Koh

koh samet, 2006

“Wir haben schon mehrere Länder ausprobiert”, erzählte mir die Frau, “aber in der Türkei haben wir bis jetzt das beste Preis-Leistungsverhältnis erlebt.” Das ist sicherlich eine konsequente Herangehensweise an das Thema Pauschaltourismus. Die “Ware” Reise ist im üblichen Setting von “Familie-Strand-Hotel” am besten bewertbar. Was interessieren da noch “Land und Leute”, schließlich erlebt sie der Pauschaltourist meist nur als Inszenierung – von Kamelreiten bis Teppichknüpferei.

In einem der unzähligen Internetforen zum Thema Reisen las ich über die thailändische Insel Koh Samet: “Alles schön und gut, aber zu viele Thais dort.” Ist schon möglich, dass man in Thailand doch ganz überwiegend auf die einheimische Bevölkerung trifft. Das Problem welches der Internetschreiber wohl hatte, war, dass ihm die Thailänder dort nicht nur als Hotelangestellte und ähnliche Dienstleister gegenübertraten, sondern als Touristen.

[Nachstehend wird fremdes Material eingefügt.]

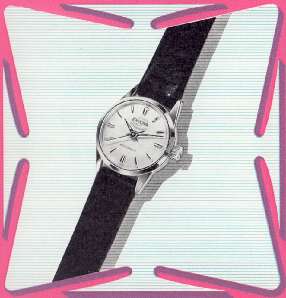
Ref. 344 AMPS 7 3 / 4 '' Ø 20,5 mm

Diese Uhr wurde vor allem für die aktive Berufsfrau geschaffen, die sich eine präzise, elegante und doch widerstandsfähige Uhr wünscht. Das Golddoublé-Gehäuse in 20 Mikron ist wasser- und staubdicht. Dazu kommt noch der praktische, automatische Rotor-Aufzug. Diese gefällige Uhr ist ebenfalls mit Chromgehäuse und Stahlboden erhältlich.
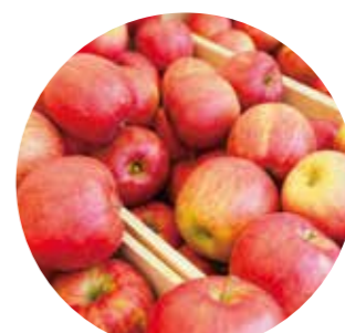
ファーマーズマルシェ
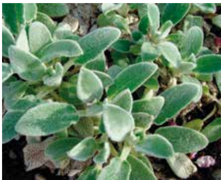
Lammöron, Stachys byzantina
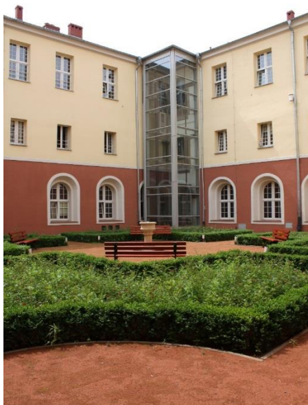
Wirydarz z widoczną windą, 2013 rok

przeznaczono na prace badawcze, w tym: na prace archeologiczne - 61.000 zł, konserwatorsko-architektoniczne - 24.900 zł.
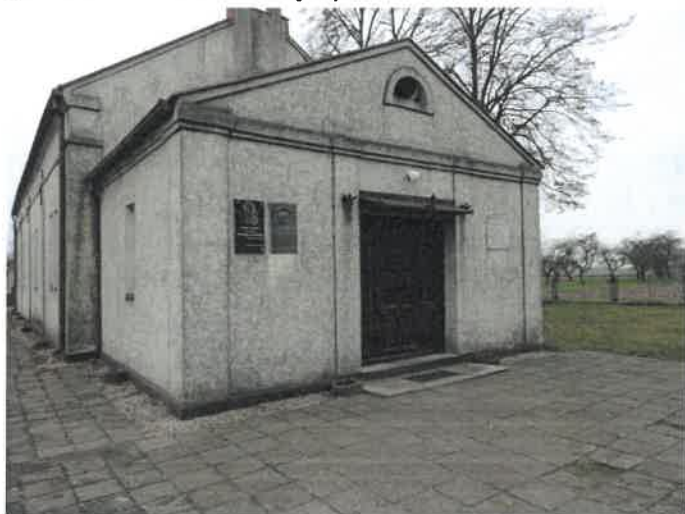
Kościół w Fanianowie
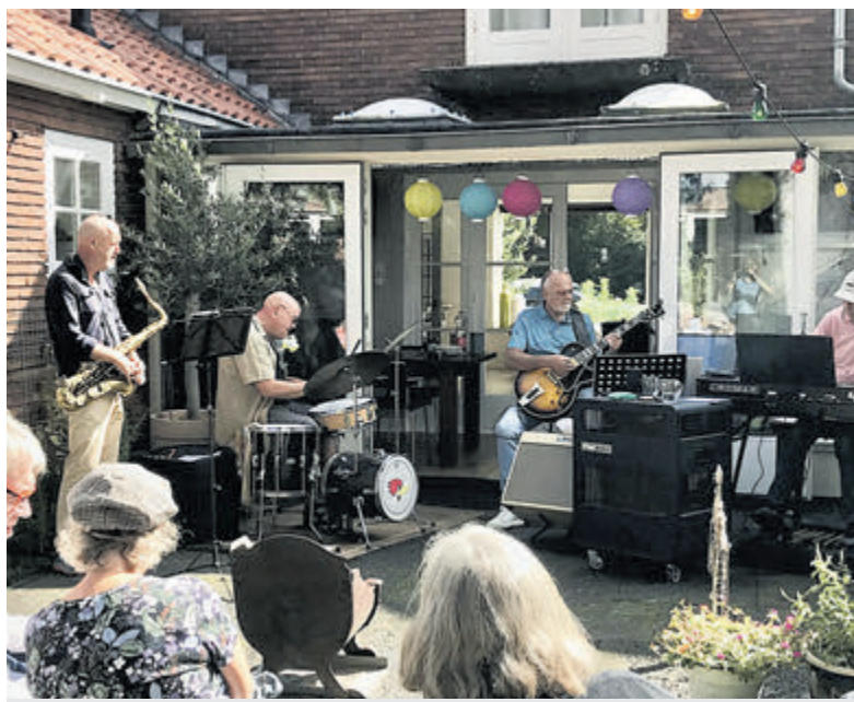
Sfeerimpressie van een eerdere editie van het Muziektuinen Festival.

Castricum - Het is bijna zover! Op 10 september, tussen 11.00 en 17.00 uur, barst de derde editie van het Muziektuinen Festival in Castricum
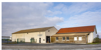
Vue générale, depuis la rue des Alouettes. IVR52_20224400021NUCA
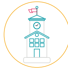
C. Infrastructură și echipamente
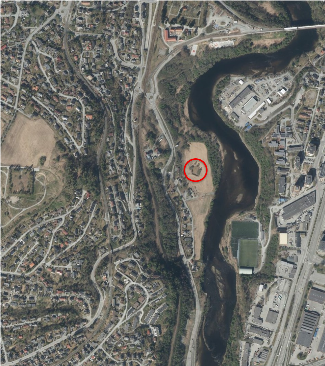
Figur 13: Flyfoto fra dagens situasjon. Isdammen i rød ring. Svært lite igjen av landbrukslandskapet. Skog og natur også sterkt redusert. Stor samlet belastning på salamander. Norgebilder.no

Nur vier relativ bequeme Minibusstunden von Bangkok entfernt ist Koh Samet Anlaufstelle für den stadtflüchtenden Wochenendtouristen. Während westliche Touristenpärchen ein Strandbungalow alleine bewohnen, spielt die Personenzahl für die Thailänder eine untergeordnete Rolle. Die meist jugendlichen Wochenendausflügler kommen zu zwei Dutzend, bringen Essen und Trinken gut gekühlt in riesigen Styroporboxen mit. Einer spielt in jedem Falle Gitarre. Und nach dem Genuss einer großen Menge einheimischen Whiskeys – der Mekhong Whisky ist seit 1941 eine thailändische Institution mit jährlich 19 Millionen verkauften Flaschen – schlafen die Männer sogleich im Campingstuhl ein, den sie dann das ganze Wochenende nicht verlassen. So löst sich das Problem mit den knappen Schlafplätzen ganz von selbst.

Wer Glück hat, trifft auf Koh Samet heimische Serienstars aus Bangkok mit ihrer Entourage, zu dritt auf einem Moped unterwegs, niemand älter als 25 und dauertelefonierend, ständiger Ortswechsel scheint Pflicht zu sein. Seltsam erwartungsvoll blicke ich in die anscheinend nur mir fremden Gesichter.

Das Foto entstand in der zweiten Reihe hinter dem Strand, dort läuft ein Versorgungsweg für die vielen direkt am Meer gelegenen Hotelanlagen entlang. Bier wird herangekarrt, die Wäsche gewaschen, das Wasser in riesigen Tanks aufbereitet. Was in dieser Hütte mit den vielen Motorrädern davor passierte? Davon weiß ich natürlich nichts.